People & Business

Michael Hale is stepping down as chairman and chief executive of GBE International, the Andover based manufacturer of equipment for the tobacco industry, after having completed his role as "company doctor" to the troubled group.

Mr Hale took the axe to costs and raised pounds 6m in new capital last summer, getting rid of the loss-making packaging and environmental purification businesses. He is making way for Graham Walker, the new executive chairman, who is best known as the former deputy chairman of Argyll Group. Mr Walker owns 3.9 million GBE shares representing 4.3 per cent of the issued share capital.

Michael Jenkins joins GBE as chief executive, having come from Delta Group, and Roger Spry, a long-term employee at Phillip Morris, competes the team as executive director for the development of GBE's tobacco business. Mike Forder, GBE's financial director, survives the reshuffle, and the company is expected to make around pounds 2.5m profits this year.

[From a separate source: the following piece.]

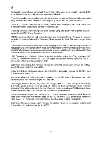 Sedangkan, khusus penetapan Upah Minimum Kota Batam, Gubernur menetapkan pada tanggal

Is Simon Preston, chairman of the small but distinguished City PR company Financial Public Relations, going to commit a heinous family sin and sell out to the French? He would never be forgiven if he did, as he is a direct descendant of Lord Nelson, who of course gave the French and Spaniards a sound thrashing at Trafalgar.

No takeover of Financial Public Relations is immediately in the offing, but two French PR firms are reported to have made contact. And Mr Preston, together with managing director Murdoch Macleod, do not deny a sale to a third party is possible.

Times have been tough for Financial Public Relations, founded in 1966, after it parted company with its longest standing client, General Accident, at the beginning of last year.

Nelson would have been happier with the Centre for Economic Policy Research (CEPR), the London-based think tank founded in 1983 which this week trumpeted its European supremacy. Anthony Loehnis, the CEPR's chairman, declared that "the Centre now plays the leading role in policy-related research in Europe".

The occasion for the tub-thumping was a reorganisation in which Richard Portes, founding director of CEPR, becomes president. Stephen Yoe moves up from deputy director to chief executive officer, while Mathias Dewatripont becomes part-time research director. The Centre now enjoys the support of all European central banks, the Bank for International Settlement and the European Monetary Institute.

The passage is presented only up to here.